(What you have to do): An exact copy of the lines of the listing below between the "anzeigen | |" line and the "Cámaras de vigilancia" line, both included, is the whole answer; please omit the pictures.

(Supplied records):
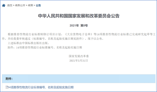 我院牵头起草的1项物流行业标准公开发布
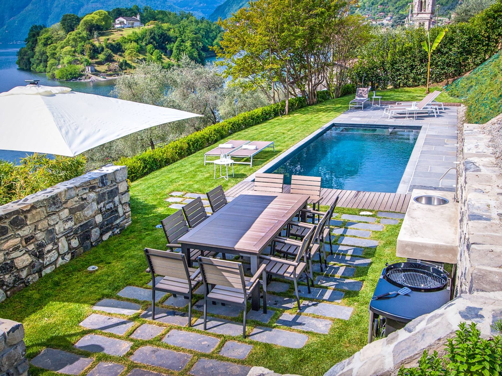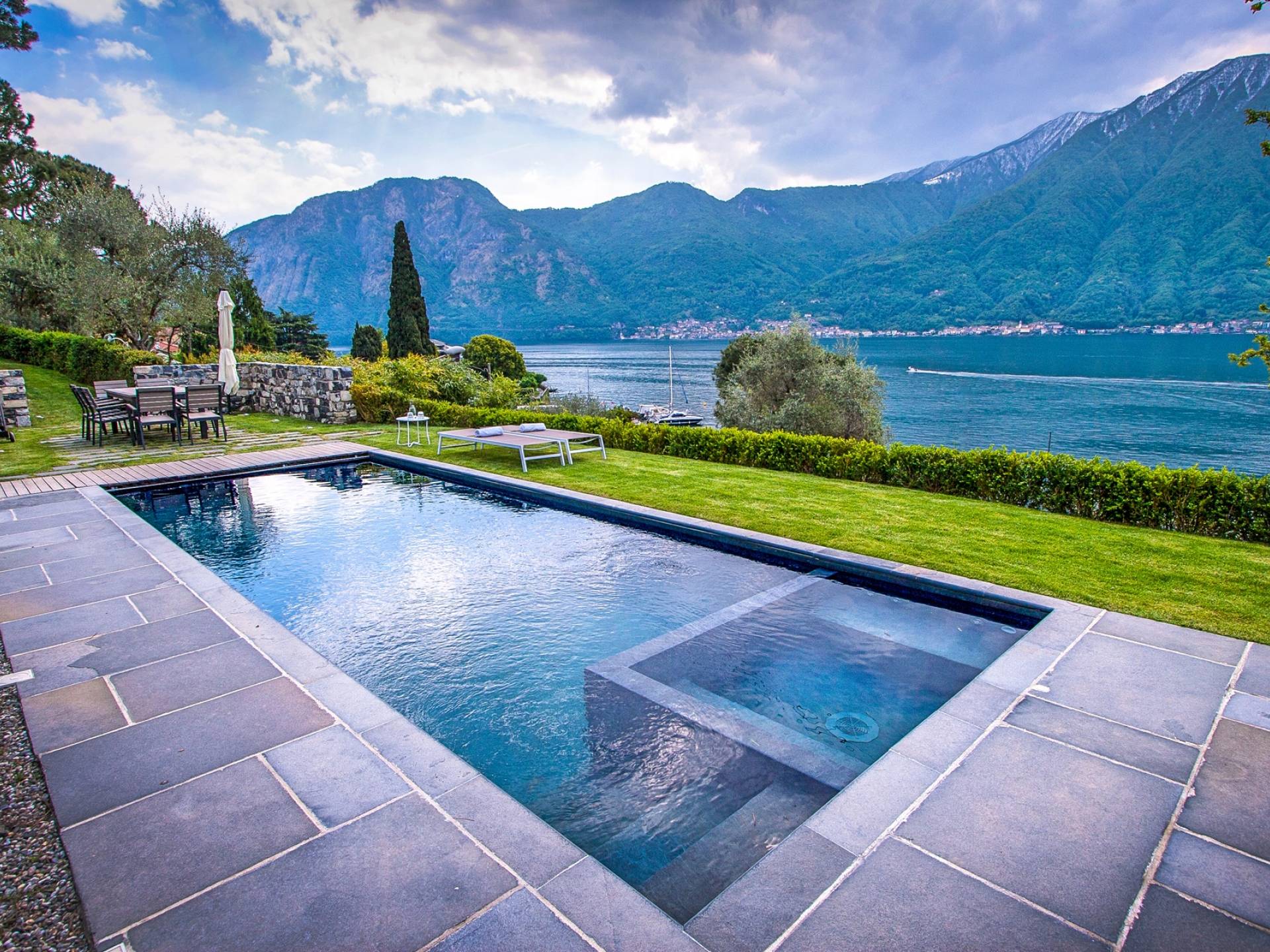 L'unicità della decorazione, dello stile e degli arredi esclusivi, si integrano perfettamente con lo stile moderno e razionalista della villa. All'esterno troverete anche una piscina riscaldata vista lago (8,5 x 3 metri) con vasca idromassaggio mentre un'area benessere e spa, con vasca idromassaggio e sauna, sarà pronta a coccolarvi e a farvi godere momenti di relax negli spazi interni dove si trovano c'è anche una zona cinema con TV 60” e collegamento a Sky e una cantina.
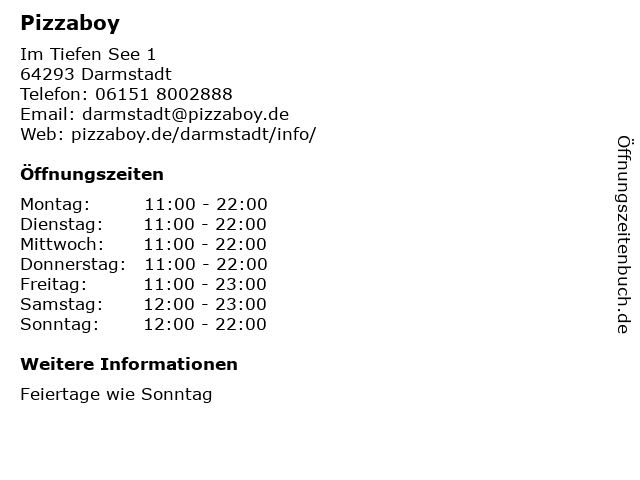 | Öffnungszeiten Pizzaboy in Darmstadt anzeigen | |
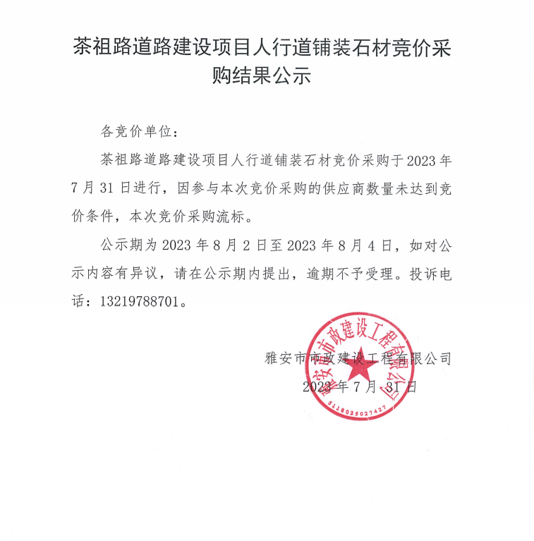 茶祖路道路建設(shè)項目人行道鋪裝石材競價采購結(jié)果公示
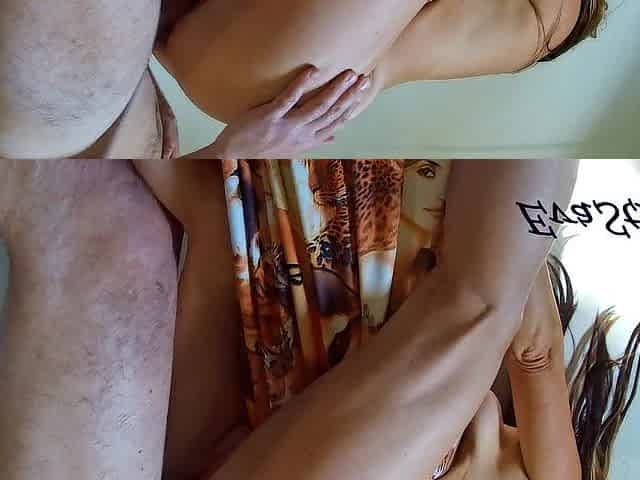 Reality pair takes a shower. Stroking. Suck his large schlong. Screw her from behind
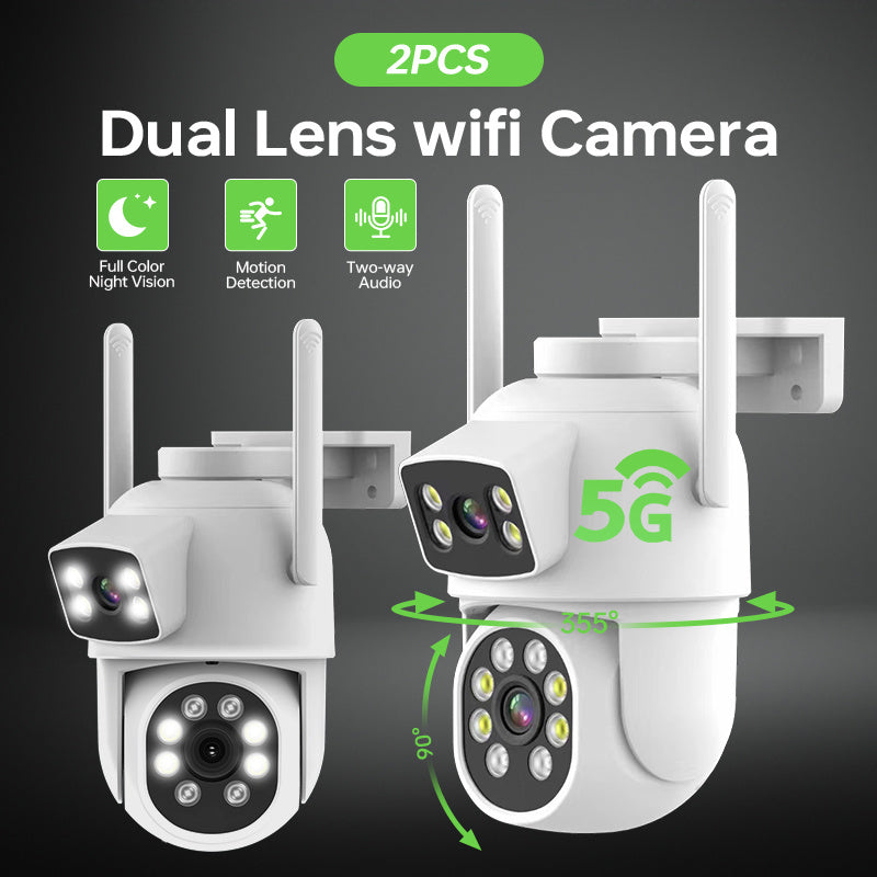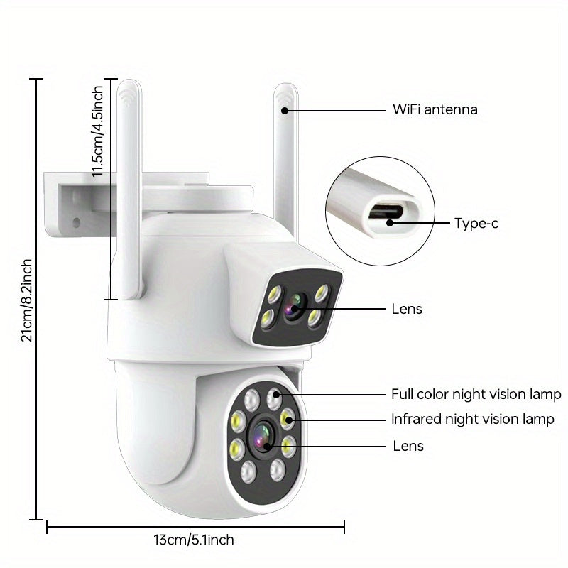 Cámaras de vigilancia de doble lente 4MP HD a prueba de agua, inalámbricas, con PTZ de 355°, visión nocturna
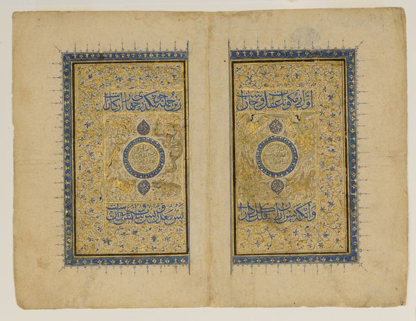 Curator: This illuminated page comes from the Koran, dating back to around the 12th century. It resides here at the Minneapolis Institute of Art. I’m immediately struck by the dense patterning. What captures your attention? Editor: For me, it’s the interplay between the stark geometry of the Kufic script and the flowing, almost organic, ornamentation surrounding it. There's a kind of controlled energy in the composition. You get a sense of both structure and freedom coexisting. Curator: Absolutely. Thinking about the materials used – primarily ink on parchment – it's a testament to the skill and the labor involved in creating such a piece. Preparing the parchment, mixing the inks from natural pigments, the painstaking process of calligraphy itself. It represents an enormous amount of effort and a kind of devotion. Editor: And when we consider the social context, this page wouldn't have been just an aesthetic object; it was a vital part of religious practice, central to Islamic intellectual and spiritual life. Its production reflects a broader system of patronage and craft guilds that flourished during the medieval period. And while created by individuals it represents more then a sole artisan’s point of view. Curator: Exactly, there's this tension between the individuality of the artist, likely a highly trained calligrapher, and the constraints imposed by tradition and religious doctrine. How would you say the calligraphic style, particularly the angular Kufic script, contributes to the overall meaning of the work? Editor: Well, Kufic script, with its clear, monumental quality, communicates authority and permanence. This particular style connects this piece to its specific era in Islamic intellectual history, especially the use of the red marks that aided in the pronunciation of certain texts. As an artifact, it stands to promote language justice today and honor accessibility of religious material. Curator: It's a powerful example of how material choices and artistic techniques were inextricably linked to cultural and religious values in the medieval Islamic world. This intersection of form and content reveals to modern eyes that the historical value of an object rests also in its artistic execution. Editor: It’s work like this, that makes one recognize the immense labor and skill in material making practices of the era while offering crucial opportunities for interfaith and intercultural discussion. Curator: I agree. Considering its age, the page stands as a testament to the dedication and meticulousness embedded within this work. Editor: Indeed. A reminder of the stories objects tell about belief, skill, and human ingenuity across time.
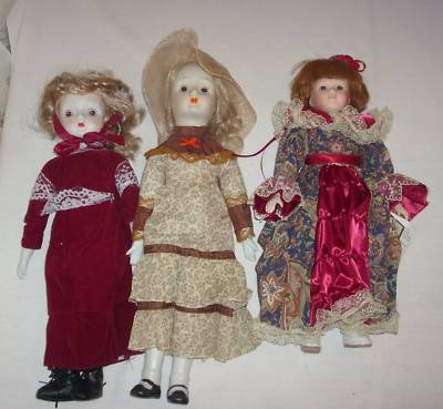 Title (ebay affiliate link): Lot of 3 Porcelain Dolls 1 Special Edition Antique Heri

(Result of this task):
 | Öffnungszeiten Pizzaboy in Darmstadt anzeigen | |
 茶祖路道路建設(shè)項目人行道鋪裝石材競價采購結(jié)果公示
 Reality pair takes a shower. Stroking. Suck his large schlong. Screw her from behind
 Cámaras de vigilancia de doble lente 4MP HD a prueba de agua, inalámbricas, con PTZ de 355°, visión nocturna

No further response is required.